EU AI Act Art.10: Data Governance for High-Risk AI — Dataset Splits, Lineage Tracking, and the Bias Detection Carve-Out (2026)
Article 10 of the EU AI Act is the data foundation of the high-risk compliance framework. Where Art.9 defines the risk management system and Art.13 covers transparency, Art.10 specifies the concrete data governance practices that every provider of a high-risk AI system must implement, document, and maintain for their training, validation, and testing datasets.
August 2, 2026 is the hard deadline: Art.10 applies to all high-risk AI systems placed on the EU market or put into service on or after that date. If your system falls under Annex III — healthcare diagnostics, biometric identification, critical infrastructure, employment screening, creditworthiness, law enforcement, or education — you need an Art.10-compliant data governance pipeline before market placement.
This guide covers what Art.10 actually requires, where most developers get it wrong, how the Art.10(5)–(6) bias detection carve-out works in practice, what your data lineage documentation must contain for Annex IV, and how to build Art.10-compliant data governance in Python.

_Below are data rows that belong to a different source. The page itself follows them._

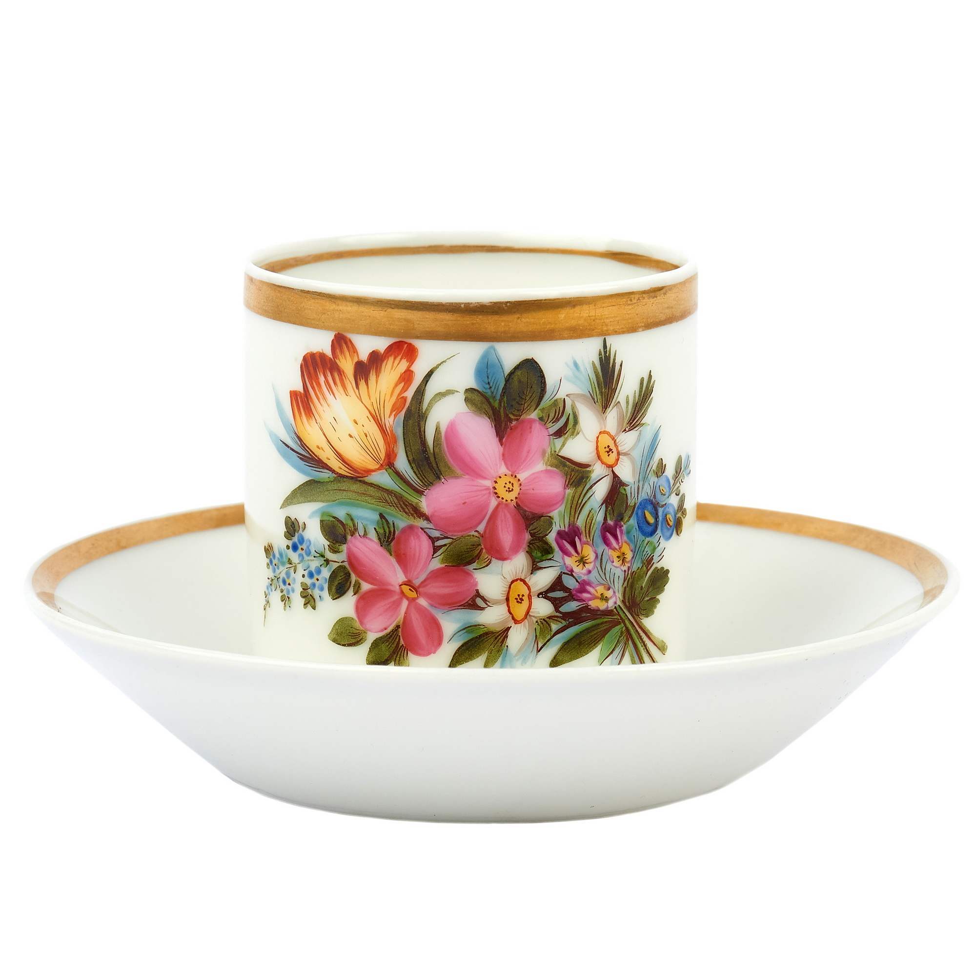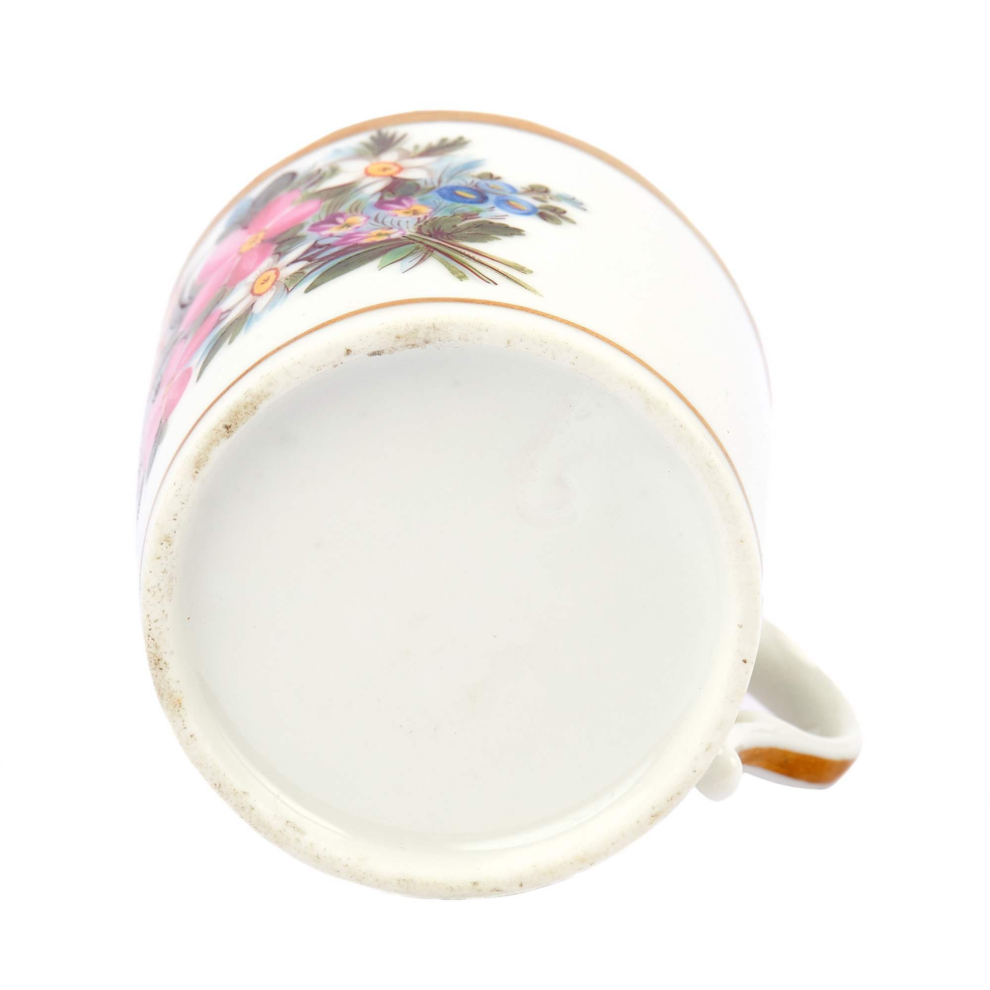 По качеству росписи, по форме чашки можно утверждать, что данное изделие вполне вероятно было изготовлено в середине 19-го века на одном из частных заводов царской России. Больше всего по росписи и форме подходит фабрика Попова.
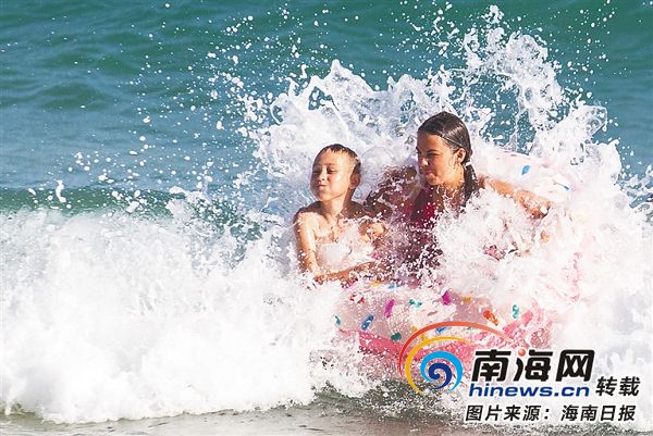 游客在三亞大東海嬉水。海南日報記者 武威 攝
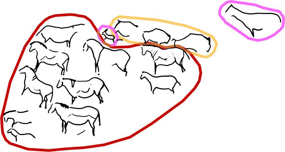 Keywords: Ekain.png Asociación de animales en el gran panel de la Cueva de Ekaín Cestona Guipúzcoa España según el paradigma de Leroi-Gourhan own 2006-06 José-Manuel Benito Locutus Borg horses in prehistoric art Drawings of pictographs Ekain Cave

What Art.10 Covers and Who It Applies To
Art.10 applies to providers of high-risk AI systems as defined by Art.3(3) — the entity that places the system on the EU market or puts it into service under their own name or trademark. This includes:
- Companies training foundation models adapted for high-risk applications
- Organisations fine-tuning general-purpose models for Annex III use cases
- Developers building custom classifiers for employment, credit, or medical decisions
- Any entity substantially modifying a high-risk system (Art.25(1) triggers provider obligations)
Art.10 applies to three dataset categories:
| Dataset | Art.10 Obligation | When Triggered |
|---|---|---|
| Training datasets | Full Art.10(2) data governance | Before any training run |
| Validation datasets | Full Art.10(2) data governance | During development and evaluation |
| Testing datasets | Full Art.10(2) data governance | Pre-deployment testing, Art.9(6) compliance testing |
The word "appropriate" in Art.10(1) gives some proportionality room, but the six specific areas in Art.10(2) are not optional — they describe what appropriate data governance must cover.
The Six Art.10(2) Obligations
Art.10(2) defines six areas that data governance and management practices must cover. These are the auditable baseline for any high-risk AI system:
1. Relevant Design Choices (Art.10(2)(a))
Providers must document the relevant design choices made regarding data collection. This includes:
- Which data sources were selected and why
- What collection methodologies were applied
- What sampling strategies were used
- How temporal coverage was determined
The emphasis on relevance means you need to justify your choices against the intended purpose and the Annex III category. A healthcare diagnostic AI sourcing training data from a single hospital network must document why that source adequately represents the intended deployment population.
2. Data Collection Procedures and Purpose (Art.10(2)(b))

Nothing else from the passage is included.